- Supplied material

+-------+

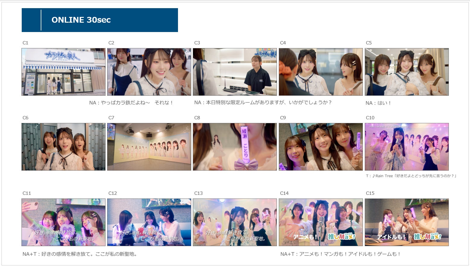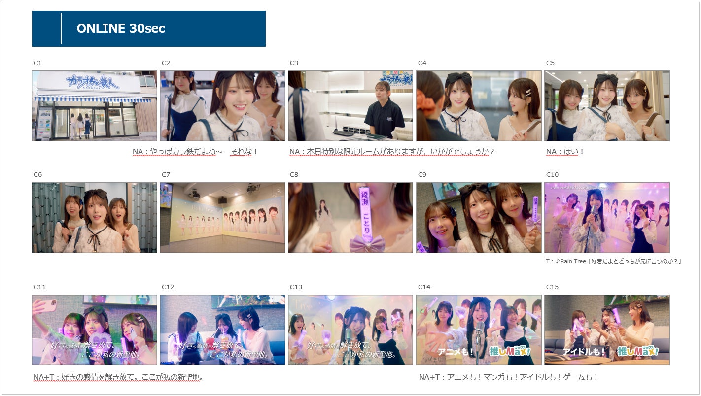 株式会社鉄人エンタープライズ(所在地:東京都目黒区、代表取締役社長:兒玉 智之)は、カラオケの鉄人 コラボミックスの新CM「ここが私の新聖地。」篇を、11月14日(金)より公開致します。本CMには、デビュー後初の単独CM出演となるガールズグループ「Rain Tree」の綾瀬ことりさんが登場。友人とカラオケに訪れた際に特別な体験へと案内され、コラボルームでの推しグッズを見せ合う様子や、コラボドリンクを楽しむ瞬間、惹きつけるカラオケの様子など、全力で推し活を楽しむ姿を描きます。Rain Tree 3rdデジタルシングル「好きだよとどっちが先に言うのか?」を楽曲に起用し、"好き"という感情をまっすぐ外へ解き放てる場所である魅力を伝えていきます。
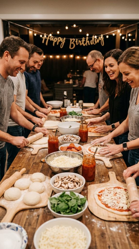 Keep the setup simple: pre-portioned dough rounds, toppings organized left to right, and a dedicated baking station nearby. Adults love feeling involved, and this doubles as easy entertainment between cake cutting and gift opening. It’s low-cost, low-stress, and surprisingly high-reward.
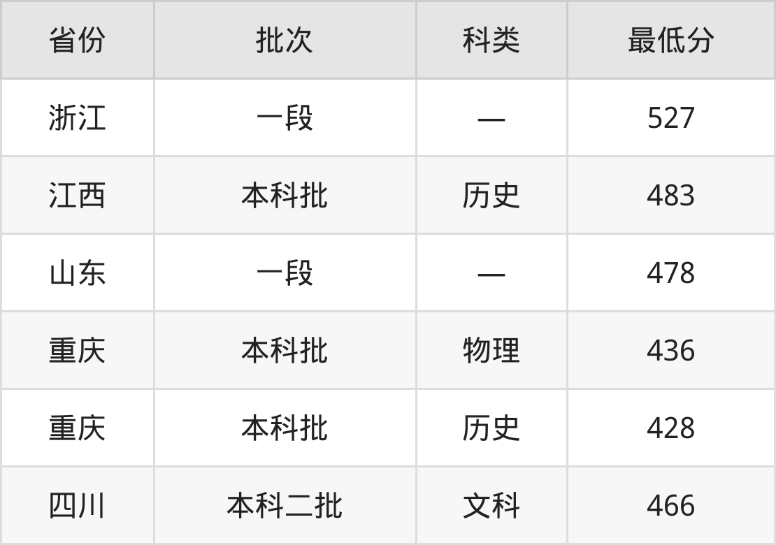 湖南涉外经济学院日语专业在全国各省最低录取分数线为428分(重庆历史类),除此之外,在其余地区的最低分为四川文科466分、浙江527分、江西历史类483分、山东478分等,以上数据均为2024年数据,供2025年高考生参考。

+-------+

- Aim of the task
Could you copy the data above exactly, leaving the pictures out?

- Problem solution
 株式会社鉄人エンタープライズ(所在地:東京都目黒区、代表取締役社長:兒玉 智之)は、カラオケの鉄人 コラボミックスの新CM「ここが私の新聖地。」篇を、11月14日(金)より公開致します。本CMには、デビュー後初の単独CM出演となるガールズグループ「Rain Tree」の綾瀬ことりさんが登場。友人とカラオケに訪れた際に特別な体験へと案内され、コラボルームでの推しグッズを見せ合う様子や、コラボドリンクを楽しむ瞬間、惹きつけるカラオケの様子など、全力で推し活を楽しむ姿を描きます。Rain Tree 3rdデジタルシングル「好きだよとどっちが先に言うのか?」を楽曲に起用し、"好き"という感情をまっすぐ外へ解き放てる場所である魅力を伝えていきます。
 Keep the setup simple: pre-portioned dough rounds, toppings organized left to right, and a dedicated baking station nearby. Adults love feeling involved, and this doubles as easy entertainment between cake cutting and gift opening. It’s low-cost, low-stress, and surprisingly high-reward.
 湖南涉外经济学院日语专业在全国各省最低录取分数线为428分(重庆历史类),除此之外,在其余地区的最低分为四川文科466分、浙江527分、江西历史类483分、山东478分等,以上数据均为2024年数据,供2025年高考生参考。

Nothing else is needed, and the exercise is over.